В нем нарастала, по его словам, «похотливая какая-то жажда-страсть все решительно опрокинуть, дерзнуть на все, самое-то священное… духовно опустошить себя». Он перечитал всех борцов за свободу мысли, всех безбожников-отрицателей и испытал как бы хихикающий восторг.
– С той поры «вся эта ерунда», как называл я тогда религию, – рассказывал Виктор Алексеевич, – перестала меня тревожить. Нет ни Бога, ни дьявола, ни добра, ни зла, а только – «свободная игра явлений». И все. Ничего «абсолютно» не существует. И вся Вселенная – свободная игра материальных сил.
Окончив московское техническое училище, Виктор Алексеевич женился по любви на дочери помещиков-соседей. Пришлось соблюсти порядок и окрутиться у аналоя. Скоро и жена стала «никакой», поддавшись его влиянию, и тем легче, что и в ее семье склонялись к «свободной игре материальных сил».
– С ней мы решали вопросы: что такое нравственное? что есть разврат? свободная любовь унижает ли нравственную личность или, наоборот, возвышает, освобождая ее от опеки отживших заповедей? И приходили к выводу, что в известных отношениях между женщиной и мужчиной нет ни нравственности, ни разврата, а лишь физиологический закон отбора, зов, которому, как естественному явлению, полезней поддаться, нежели сопротивляться, что брезгливость и чистоплотность являются верным регулятором, что отношение к явлениям зависит от наших ощущений, а не от каких-то там «велений». И вот когда-то случилось, – рассказывал Виктор Алексеевич, – она… – он никогда не говорил «жена» – она мне с усмешкой бросила: «Никакого разврата, а… «физиологический закон отбора»… и «зависит от наших настроений»!
Курс он кончил с отличием. Еще студентом он сделал какие-то открытия в механике, натолкнулся на идею двигателей нового типа, «как бы предвосхитил идею двигателей внутреннего сгорания Дизеля».
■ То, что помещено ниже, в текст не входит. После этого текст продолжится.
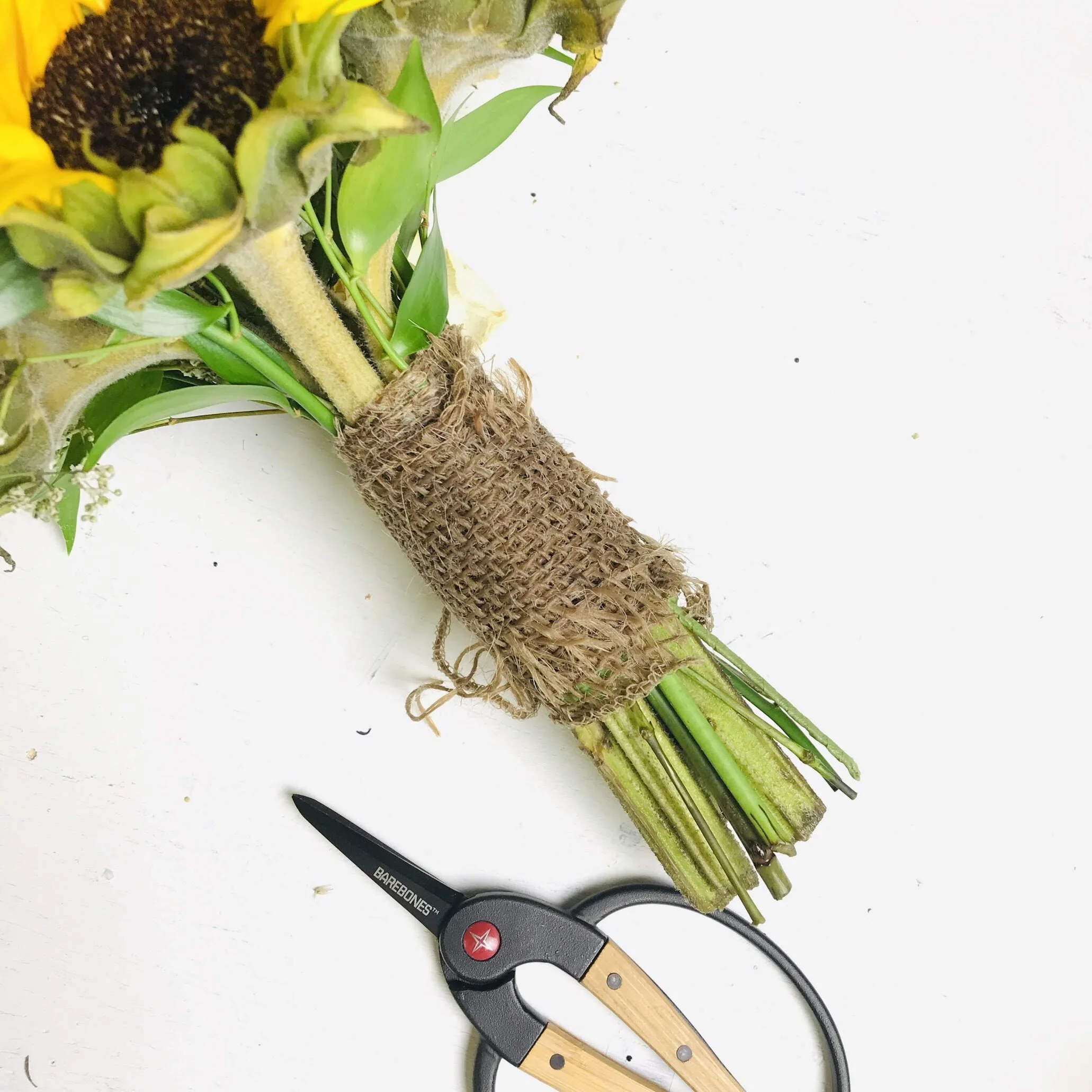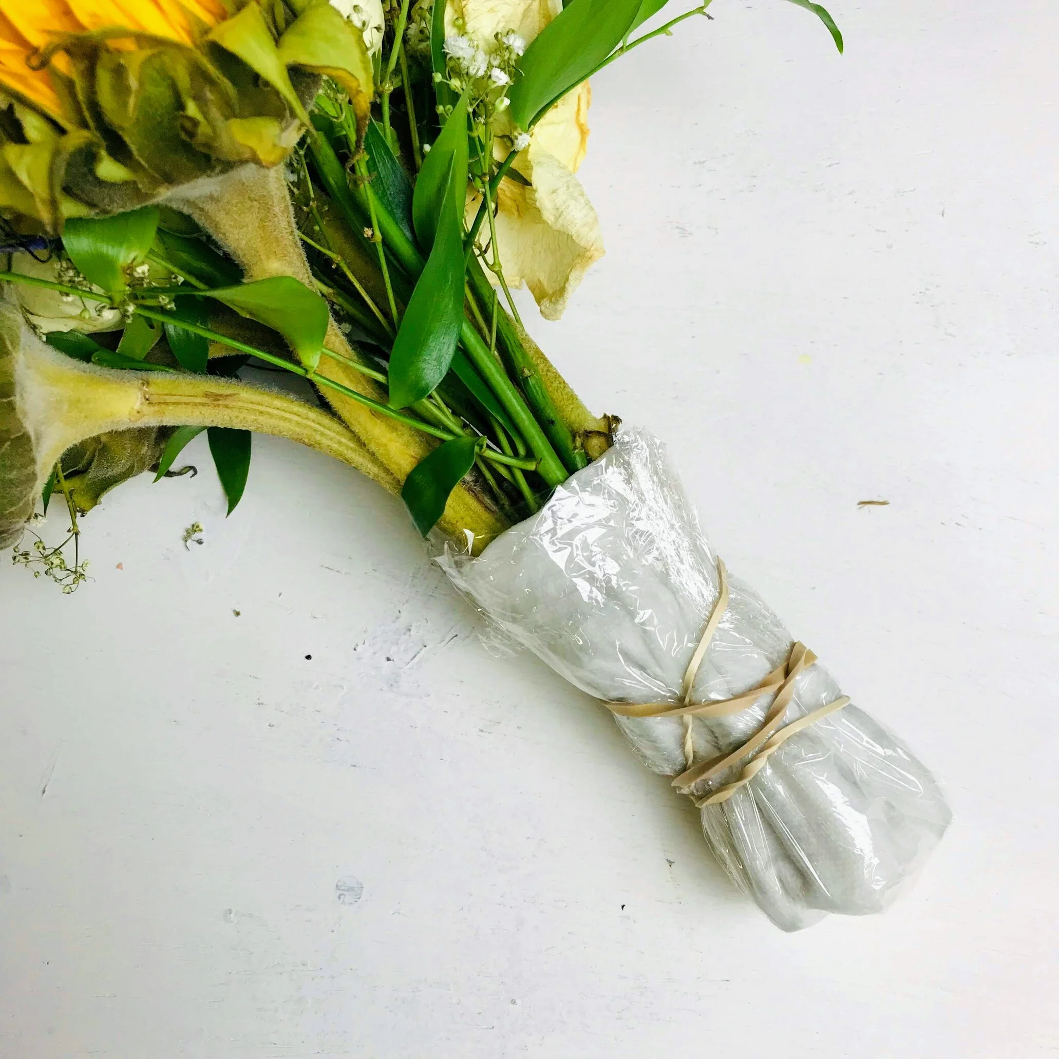 If you have large blooms or especially fragile flowers, consider putting floral tubes (available online or from a florist) with water on the bottom of those stems. Make sure to tape the tubes tightly around the stem so that the water doesn’t leak out.
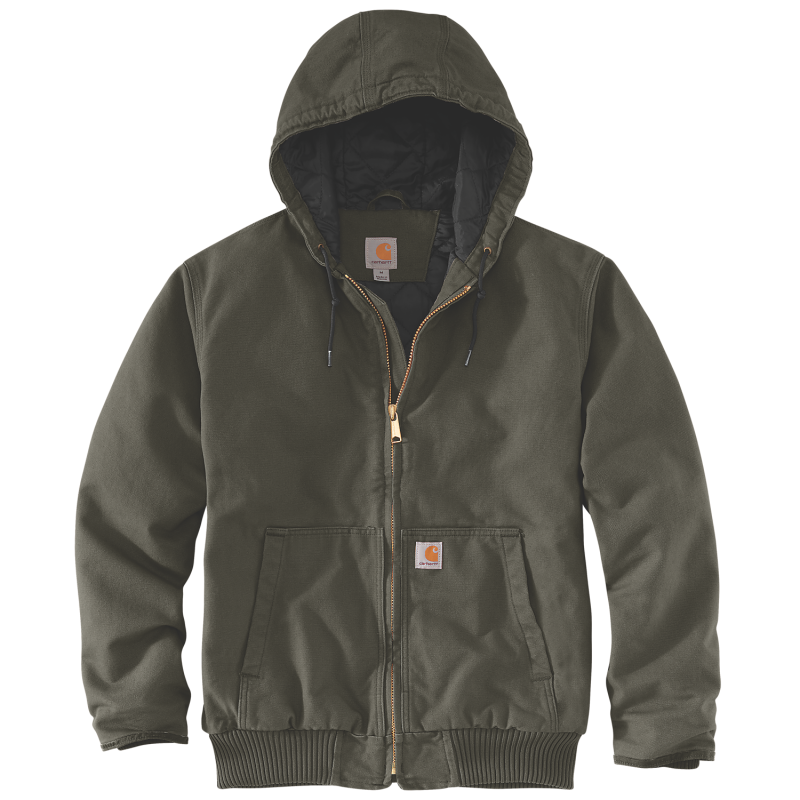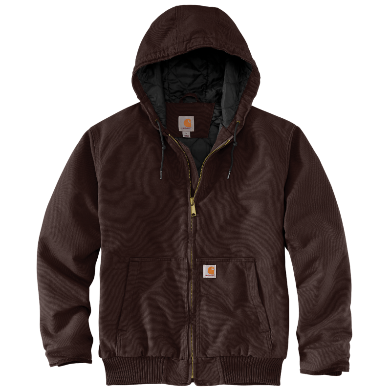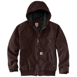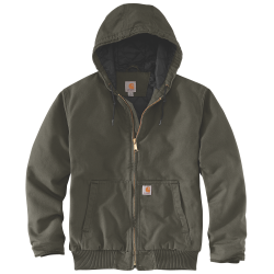 Blouson court à capuche en Cotton Duck brut • 2 grandes poches avant plaquées renforcées avec étiquette Carhartt® cousue côté gauche • 2 poches intérieures : une à fermeture zip et une avec scratch • Capuche à cordon de serrage réglable • Coudes préformés • Renfort Cordura® en bas des manches • Poignets et tour de taille bords côtes tricot • Fermeture éclair avant YKK® surdimensionnée laiton marquée Carhartt® • Coutures principales triples.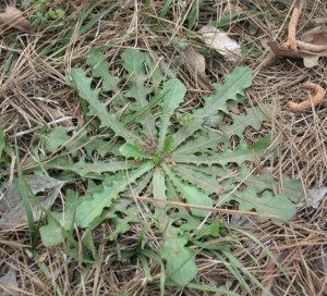 DISCLAIMER: Don’t believe anything I or any body else tells you about edible wild plants. Don’t eat edible wild plants based on what you see in a book or on the inter-net. Get a qualified instructor to show you the plants, and don’t eat them until the instructor shows you how to prepare them, and then eats them him or herself. Be aware that you may be allergic to a plant that someone else can eat without harm. Be sure that any plants that you gather have not been sprayed with pesticides or herbicides. Pictured below: Dandelion Greens

Первые годы женитьбы он все свободное время сидел за своими чертежами, пытаясь осуществить идею. Жена любила наряды, хотела блистать в свете и блистала, а он, при всей своей страстности к жизни и ее дарам – «чуть ли не похотливости к жизни», как он откровенно признавался, – вычислял и вычерчивал, уносился в таинственный мир механики, тщась раскрыть еще не разгаданные ее тайны. Его стали томить сомнения: хорошо ли сделал, что стал инженером-механиком? не лучше ли было бы отдаться «механике небесной» – астрономии? Он схватился за астрономию, за астрономическую механику, и ему открылась величественная картина «движений в небе». Он читал дни и ночи, выписывал книги из Германии, и на стенах его кабинета появились огромные синие полотна, на которых крутились белые линии, орбиты, эллипсы… – таинственные пути сил и движений в небе.
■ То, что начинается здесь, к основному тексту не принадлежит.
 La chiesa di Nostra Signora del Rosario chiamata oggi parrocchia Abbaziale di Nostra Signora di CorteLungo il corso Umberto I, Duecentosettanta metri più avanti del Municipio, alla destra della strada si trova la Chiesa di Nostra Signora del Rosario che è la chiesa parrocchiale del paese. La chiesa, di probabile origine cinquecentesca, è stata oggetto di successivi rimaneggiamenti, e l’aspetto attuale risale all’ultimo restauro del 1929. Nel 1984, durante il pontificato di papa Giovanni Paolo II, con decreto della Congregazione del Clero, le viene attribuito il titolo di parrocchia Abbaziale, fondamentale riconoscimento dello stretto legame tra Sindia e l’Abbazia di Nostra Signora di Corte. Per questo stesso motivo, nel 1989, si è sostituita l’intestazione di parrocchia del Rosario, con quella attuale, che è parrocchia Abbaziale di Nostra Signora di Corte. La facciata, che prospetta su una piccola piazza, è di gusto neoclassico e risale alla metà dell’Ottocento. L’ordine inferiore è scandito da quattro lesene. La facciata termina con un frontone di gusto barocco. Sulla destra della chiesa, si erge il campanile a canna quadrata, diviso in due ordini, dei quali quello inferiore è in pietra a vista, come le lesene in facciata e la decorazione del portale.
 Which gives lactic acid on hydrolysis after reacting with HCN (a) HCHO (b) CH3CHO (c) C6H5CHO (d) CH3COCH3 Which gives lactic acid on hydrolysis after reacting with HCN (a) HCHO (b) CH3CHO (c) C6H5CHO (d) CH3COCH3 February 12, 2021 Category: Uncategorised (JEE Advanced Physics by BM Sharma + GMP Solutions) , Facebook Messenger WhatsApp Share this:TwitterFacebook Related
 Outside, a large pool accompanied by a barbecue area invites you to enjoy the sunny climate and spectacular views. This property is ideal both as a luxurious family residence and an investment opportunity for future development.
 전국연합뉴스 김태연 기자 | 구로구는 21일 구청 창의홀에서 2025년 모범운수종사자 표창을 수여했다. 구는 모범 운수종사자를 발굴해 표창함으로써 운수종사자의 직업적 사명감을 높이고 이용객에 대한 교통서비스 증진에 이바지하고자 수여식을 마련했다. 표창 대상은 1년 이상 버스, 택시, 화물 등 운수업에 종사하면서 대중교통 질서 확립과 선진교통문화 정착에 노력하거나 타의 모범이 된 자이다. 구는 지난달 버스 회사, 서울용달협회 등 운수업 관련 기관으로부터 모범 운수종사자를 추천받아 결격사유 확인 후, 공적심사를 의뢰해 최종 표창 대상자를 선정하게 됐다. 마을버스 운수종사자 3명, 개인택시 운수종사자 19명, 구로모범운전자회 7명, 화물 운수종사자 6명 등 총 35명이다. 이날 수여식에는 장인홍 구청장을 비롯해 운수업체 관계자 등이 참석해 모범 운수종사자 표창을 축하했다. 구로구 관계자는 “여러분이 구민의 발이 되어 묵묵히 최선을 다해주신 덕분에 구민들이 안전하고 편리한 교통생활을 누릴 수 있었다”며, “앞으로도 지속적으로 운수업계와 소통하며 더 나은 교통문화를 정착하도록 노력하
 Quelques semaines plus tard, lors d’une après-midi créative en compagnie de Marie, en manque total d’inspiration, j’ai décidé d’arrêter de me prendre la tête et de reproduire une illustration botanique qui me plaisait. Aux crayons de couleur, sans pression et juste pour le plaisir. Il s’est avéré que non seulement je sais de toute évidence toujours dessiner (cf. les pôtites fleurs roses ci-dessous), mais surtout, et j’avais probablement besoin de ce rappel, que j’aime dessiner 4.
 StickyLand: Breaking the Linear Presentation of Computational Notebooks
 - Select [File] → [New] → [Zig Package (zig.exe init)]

А пока отдавался он астрономии, семейная его жизнь ломалась.
Он тогда служил на железной дороге, проходил стаж: ездил и кочегаром, и машинистом, готовясь к службе движения. Как раз в ту пору началась железнодорожная горячка, инженерами дорожили, и ему открывалась блестящая дорога. И вот, когда он трясся на паровозе и подкидывал дрова в топку или вглядывался в звездами засыпанное небо и в мыслях его пылали «пути небесные», строго закономерные для него, как пара блестящих рельсов, – семейная его жизнь сгорела.
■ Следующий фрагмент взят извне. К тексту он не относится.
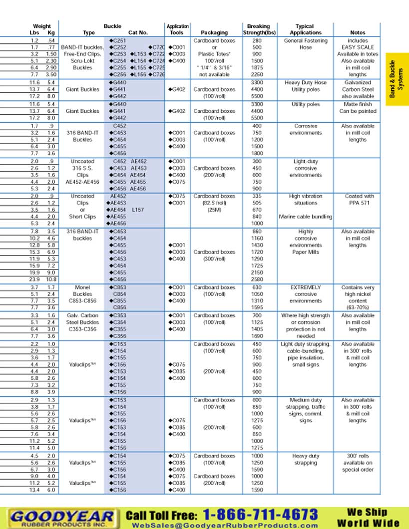 Weight Buckle Application Breaking Typical Lbs Kg Type Cat No. Tools Packaging Strength(lbs) Applications Notes 1.2 .54 xC251 Cardboard boxes 280 General Fastening includes 1.7 .77 BAND-IT buckles, xC252 xC720 xC001 or 500 Hose EASY SCALE 3.2 1.50 Free-End Clips, xC253 xL153 xC722 xC003 Plastic Totes* 900 Available in totes 5.1 2.30 Scru-Lokt xC254 xL154 xC724 xC400 100'/roll 1500 Also available 6.4 2.90 Buckles xC255 xL155 xC725 * 1/4" & 3/16" 1875 in mill coil 7.7 3.50 xC256 xL156 xC726 not available 2250 lengths 11.6 5.4 xG440 3300 Heavy Duty Hose Galvanized 13.7 6.4 Giant Buckles xG441 xG402 Cardboard boxes 4400 Utility poles Carbon Steel 17.2 8.0 xG442 (100'/roll) 5500 also available 11.6 5.4 xG440 3300 Utility poles Matte finish 13.7 6.4 Giant Buckles xG441 xG402 Cardboard boxes 4400 Can be painted 17.2 8.0 xG442 (100'/roll) 5500 1.7 .9 C452 400 Corrosive Also available 3.2 1.6 316 BAND-IT xC453 xC001 Cardboard boxes 750 environments in mill coil 5.1 2.4 Buckles xC454 xC003 (100'/roll) 1200 lengths 6.4 3.0 xC455 xC400 1500 7.7 3.6 xC456 1800 2.0 .9 Uncoated C452 AE452 xC001 300 Light-duty 2.6 1.2 316 S.S. xC453 AE453 xC003 Cardboard boxes 450 corrosive 3.5 1.6 Clips xC454 AE454 xC400 (200'/roll) 600 environments 4.4 2.0 AE452-AE456 xC455 AE455 xC075 750 5.3 2.4 xC456 AE456 900 2.0 .9 Uncoated AE452 xC075 Cardboard boxes 335 High vibration Coated with 2.6 1.2 Clips xAE453 xC001 (82.5'/roll) 505 situations PPA 571 3.5 1.6 or xAE454 L157 (25M) 670 4.4 2.0 Short Clips xAE455 840 Marine cable bundling 5.3 2.4 xAE456 1000 7.8 3.5 316 BAND-IT xC453 860 Highly Also available 10.2 4.6 buckles xC454 1160 corrosive in mill coil 12.8 5.8 xC455 xC001 1430 environments lengths 15.3 6.9 xC456 xC003 Cardboard boxes 1720 Paper Mills 11.9 5.3 xC453 xC400 (300'/roll) 1290 15.9 7.2 xC454 1725 19.9 9.0 xC455 2150 23.9 10.8 xC456 2580 3.7 1.7 Monel xC853 xC001 Cardboard boxes 630 EXTREMELY Contains very 5.1 2.4 Buckles C854 xC003 (100'/roll) 1050 corrosive high nickel 7.7 3.5 C853-C856 xC855 xC400 1310 environments content 7.7 3.6 C856 1595 (63-70%) 3.3 1.6 Galv. Carbon xC353 xC001 Cardboard boxes 700 Where high strength Also available 5.1 2.4 Steel Buckles xC354 xC003 (100'/roll) 1125 or corrosion in mill coil 6.4 3.0 C353-C356 xC355 xC400 1405 protection is not lengths 7.7 3.6 xC356 1690 needed 2.2 1.0 xC153 Cardboard boxes 450 Light duty strapping, Also available 2.9 1.3 xC154 (100'/roll) 600 cable-bundling, in 300' rolls 3.6 1.7 xC155 750 pipe insulation, & mill coil 4.4 2.0 ValuclipsTM xC156 xC075 900 small signs lengths 4.4 2.0 xC153 xC085 (200'/roll) 450 5.8 2.6 xC154 xC400 600 7.3 3.2 xC155 750 8.8 3.9 xC156 900 Band&Buckle 2.9 1.3 xC153 Cardboard boxes 600 Medium duty Also available Systems 3.8 1.7 xC154 (100'/roll) 850 strapping, traffic in 300' rolls 5.6 2.6 xC155 1000 signs, comml. & mill coil 5.7 2.5 ValuclipsTM xC156 xC075 1275 signs lengths 5.8 2.6 xC153 xC085 (200'/roll) 600 7.6 3.4 xC154 xC400 850 11.2 5.2 xC155 1000 11.4 5.0 xC156 1275 4.5 2.0 xC154 xC075 Cardboard boxes 1000 Heavy duty 300' rolls 5.6 2.6 ValuclipsTM xC155 xC085 (100'/roll) 1250 strapping available on 6.7 3.0 xC156 xC400 1590 special order 9.0 4.0 xC154 xC075 Cardboard boxes 1000 11.2 5.2 ValuclipsTM xC155 xC085 (200'/roll) 1250 13.4 6.0 xC156 xC400 1590 9

Вернувшись как-то домой раньше обещанного часа, он увидал это с такой оголенной ясностью, что, не сказав ни слова, – чего ему это стоило! – решительно повернулся и, как был в промасленной блузе машиниста, так и ушел из дома: здесь ему было делать нечего. Снял комнату и послал за вещами и книгами. У него уже было двое детей, погодки. Он написал родителям жены, прося позаботиться о детях, – старики Вейденгаммеры уже померли. Родители пробовали мирить, приводили детей, чтобы тронуть «каменное сердце», но он остался неумолим. Жена требовала на содержание и отказалась принять на себя вину. Он даже не ответил, и она написала ему в насмешку: «Никакой вины, а просто… “закон отбора”». Он написал на ее записке – «потаскушка», и отослал. Тем семейная жизнь и завершилась. Он давал детям на воспитание, но потребовал, чтобы жили они у бабушки, и иногда приезжал их поцеловать.
Вскоре он занял видное место на дороге, но скромной жизни не изменил: жил замкнуто, редко даже бывал в театре – «жил монахом», – и все свободное время отдавал своим чертежам и книгам.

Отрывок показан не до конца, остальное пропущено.